Henry Robinson

Personal information
- Full name: Henry Robinson
- Born: 13 November 1863 Nottingham, Nottinghamshire, England
- Died: Unknown
- Batting: Unknown

Domestic team information
- 1889: Nottinghamshire

Career statistics
| Competition | First-class |
| Matches | 1 |
| Runs scored | 0 |
| Batting average | 0.00 |
| 100s/50s | –/– |
| Top score | 0 |
| Balls bowled | – |
| Wickets | – |
| Bowling average | – |
| 5 wickets in innings | – |
| 10 wickets in match | – |
| Best bowling | – |
| Catches/stumpings | –/– |
- Source: Cricinfo, 20 February 2013

= Henry Robinson (Nottinghamshire cricketer) =

English cricketer

Henry Robinson (13 November 1863 - date of death unknown) was an English cricketer.
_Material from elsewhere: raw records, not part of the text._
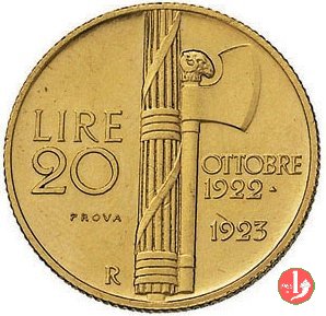 Testa nuda del Re volta a sinistra. Indicazione dell'autore (A. MOTTI) sotto il collo del Re. Attorno VITTORIO EMANUELE III RE D'ITALIA Fascio littorio con la scure a destra. Nel campo a sinistra, su due righe LIRE 20, e il mdz in basso; a destra su tre righe OTTOBRE 1922 1923. Nel campo a sinistra, scritto orizzontalmente PROVA.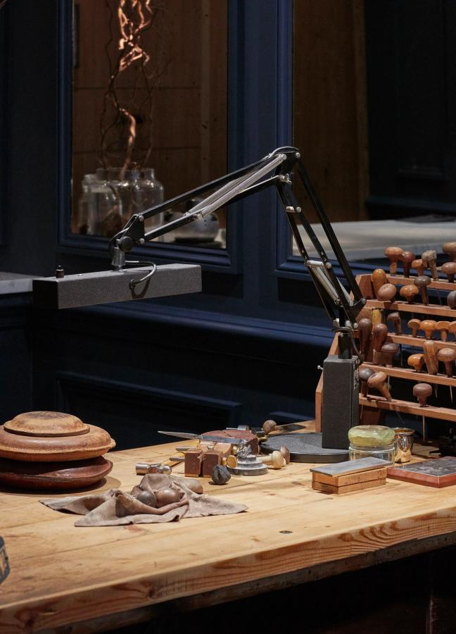 Rebus Director Emmet Smith has been engraving for years and, while he now hires some of the best engravers in London rather than slipping on the loupe himself, the craftsman-cum-businessman is still the cornerstone of the company. We headed down to his studio to sketch out designs for our own ring.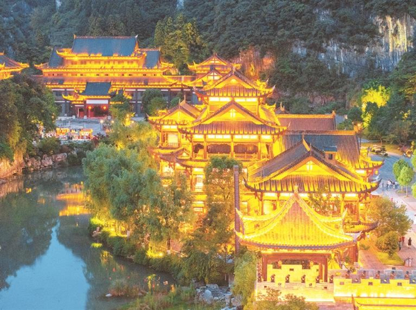毕节市织金县的平远古镇迎来最美夜旅游季。 王洋 摄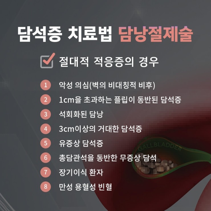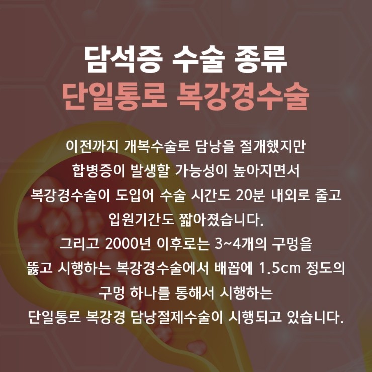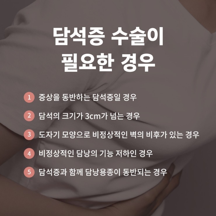 그래도 수술이 부담스럽다고 하시는 분들은 부작용이나 통증 등 불편함을 줄일 수 있는 방법을 알아주셨으면 하는데. 최근의 수술은 이전과는 달리 거의 모든 병원에서 복강경으로 이루어지고 있다고 합니다.수술 시간도 20 분 전후로, 입원 기간도 3 일로 매우 짧아졌습니다.흉터도 배꼽 아래 1.5cm 정도로 딱 하나 남는다고 했어요. 담낭은 소화를 돕는 주요 기관인데 제거하지 않고 그대로 두면 다른 질병으로 인해 건강을 해칠 수 있기 때문에 병원에서도 대부분 외과적 치료를 권유했습니다.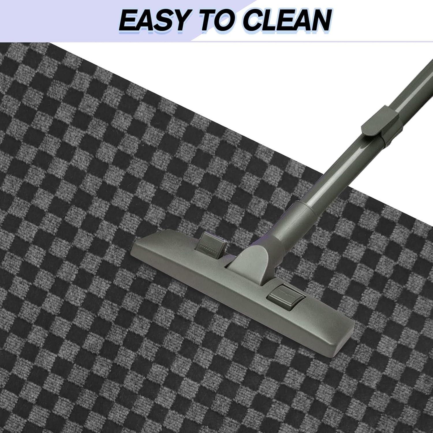 Custom Size Backed Non-Slip Area Rugs Runner, Easy Clean, Waterproof Runner Rugs for Hallway Entryway, Kitchen, Laundry, 3FT x 11FT, Gray Checkered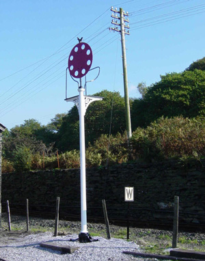 Disc signals were used on the Festiniog from the mid-19th century until the 1920s. Although falling out of use, a number survived and have been slowly repaired and reassembled. Those with sharp eyes will be able to spot them outside the old loco shed at Boston Lodge and in the field by the entrance to Minfford yard. However the easiest to spot is on the Cob, now returned to use as a fixed distant signal as you near Porthmadog, where trains will whistle twice to warn the signalman of their approach.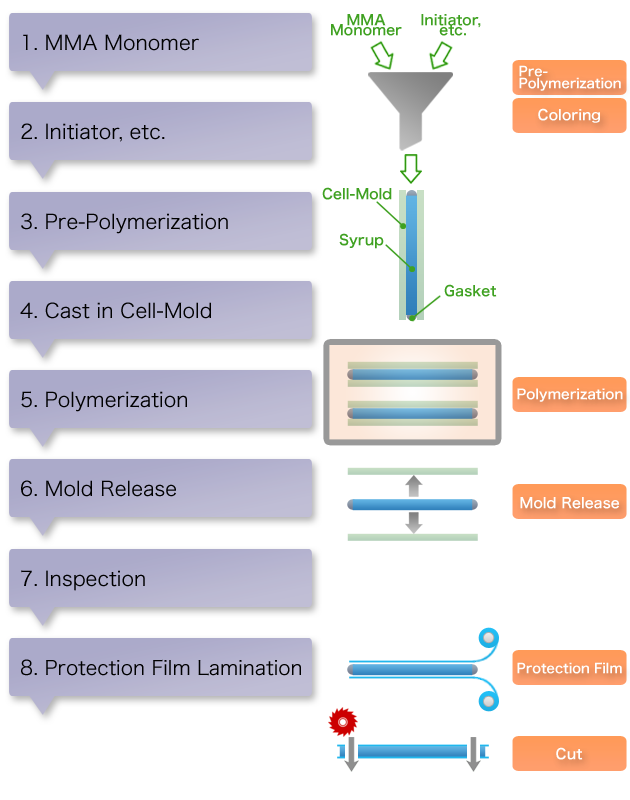 | Cell-Casting Method | Cast "Liquid MMA" directly into Cell-Mold. (Batch Process) ⇒ Suitable for High-Mix/Low-Volume Production. |

Robinson's batting style is unknown. He was born at Nottingham, Nottinghamshire.

Robinson made a single first-class appearance for Nottinghamshire against the Marylebone Cricket Club at Lord's in 1889. In a match which the Marylebone Cricket Club won by 7 wickets, he was dismissed in both Nottinghamshire's first and second-innings for duck's by Dick Pougher.